Problem
Below are entries. Give back exactly the lines from the one containing "Biology > GIZMOS" through the one containing "your home with", inclusive, without the pictures.

===== Data for the task

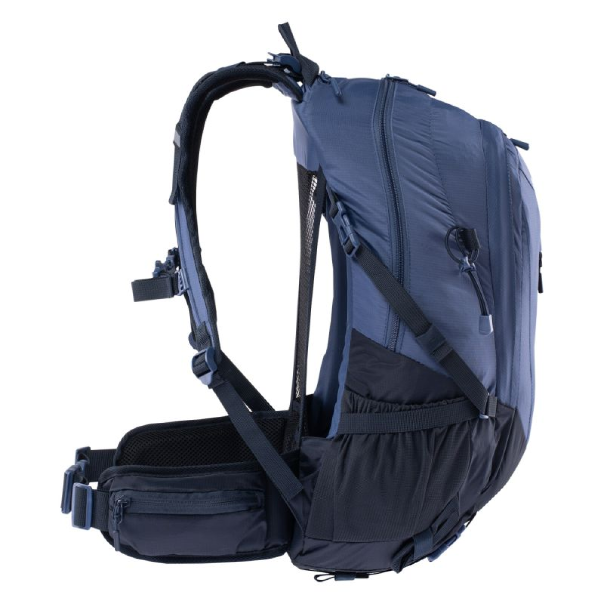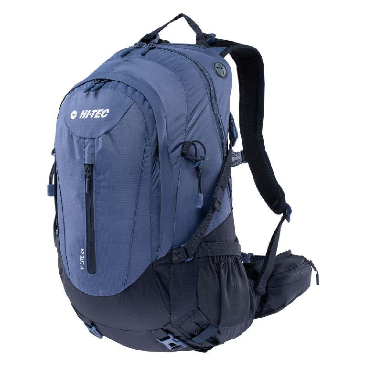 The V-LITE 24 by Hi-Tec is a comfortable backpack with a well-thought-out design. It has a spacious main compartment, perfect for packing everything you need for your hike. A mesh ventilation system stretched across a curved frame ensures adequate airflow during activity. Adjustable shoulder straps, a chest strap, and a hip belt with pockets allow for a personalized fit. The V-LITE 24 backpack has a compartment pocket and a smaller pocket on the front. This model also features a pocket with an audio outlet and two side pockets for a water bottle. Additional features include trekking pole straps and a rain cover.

==========
===== Data for the task

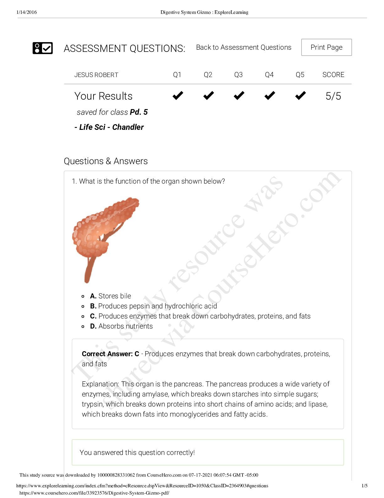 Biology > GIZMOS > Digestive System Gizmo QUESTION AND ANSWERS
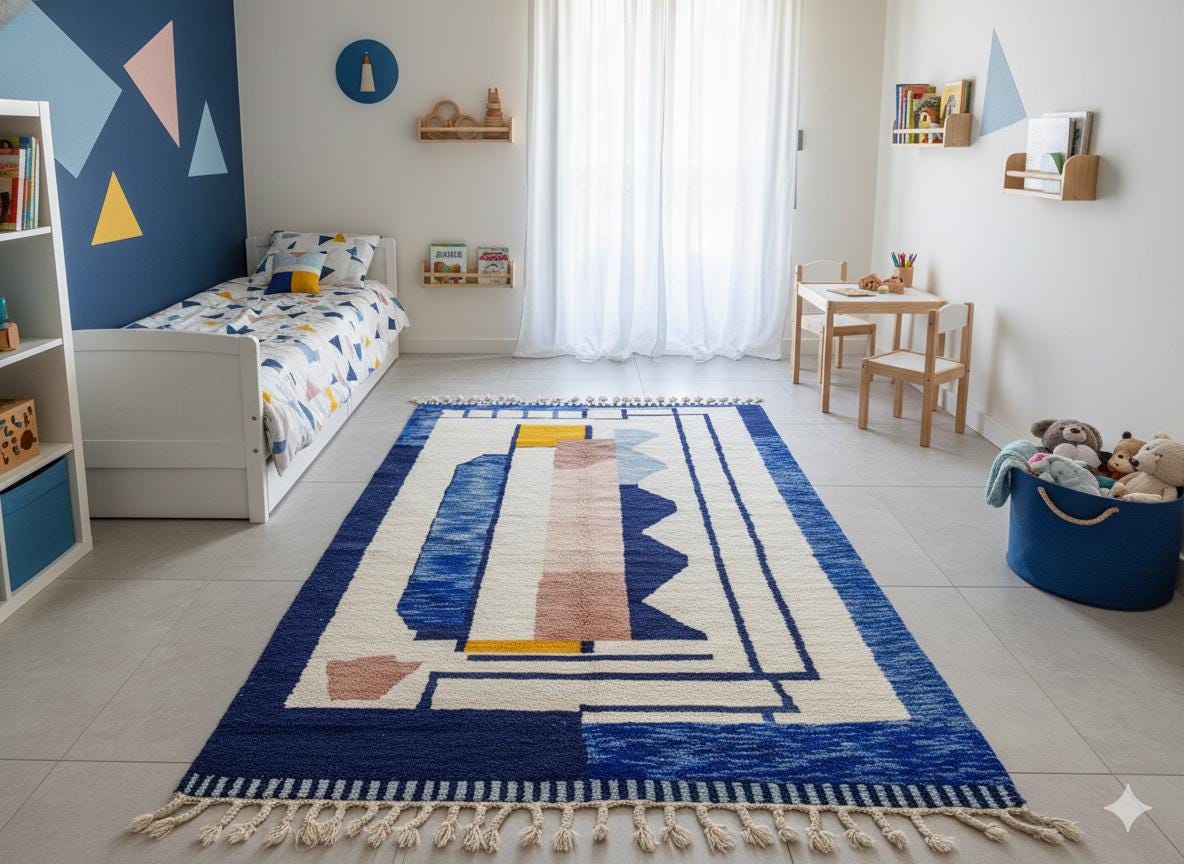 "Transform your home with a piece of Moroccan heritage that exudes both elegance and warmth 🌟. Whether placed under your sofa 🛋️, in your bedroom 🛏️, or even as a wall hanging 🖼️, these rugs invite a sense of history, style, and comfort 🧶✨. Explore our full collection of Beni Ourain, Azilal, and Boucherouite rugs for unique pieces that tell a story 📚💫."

==========
===== Data for the task

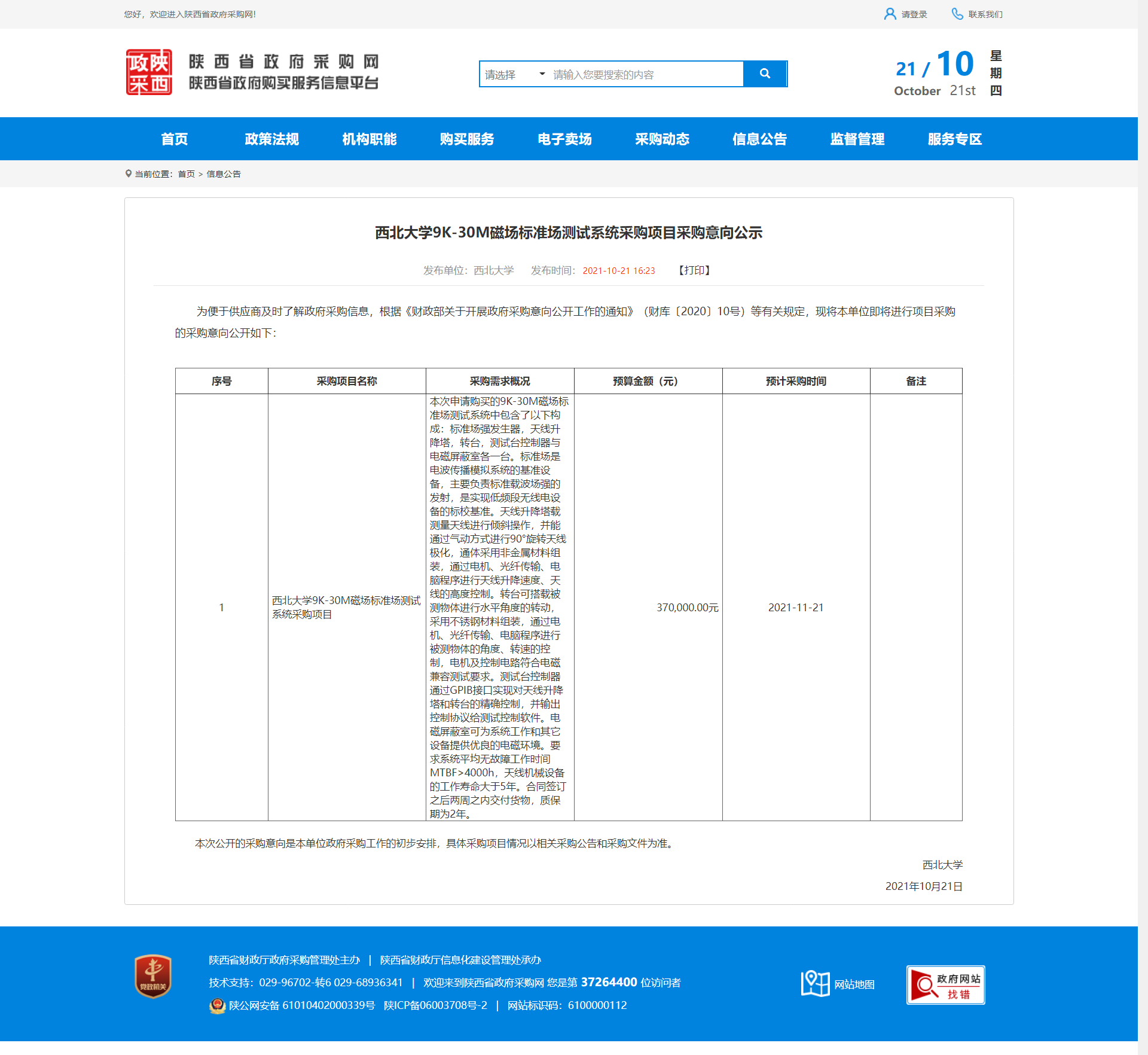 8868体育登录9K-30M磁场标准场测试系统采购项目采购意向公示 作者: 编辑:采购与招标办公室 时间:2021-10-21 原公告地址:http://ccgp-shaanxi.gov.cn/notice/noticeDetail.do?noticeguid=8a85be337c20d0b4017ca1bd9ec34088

==========

Task output
 Biology > GIZMOS > Digestive System Gizmo QUESTION AND ANSWERS
 "Transform your home with a piece of Moroccan heritage that exudes both elegance and warmth 🌟. Whether placed under your sofa 🛋️, in your bedroom 🛏️, or even as a wall hanging 🖼️, these rugs invite a sense of history, style, and comfort 🧶✨. Explore our full collection of Beni Ourain, Azilal, and Boucherouite rugs for unique pieces that tell a story 📚💫."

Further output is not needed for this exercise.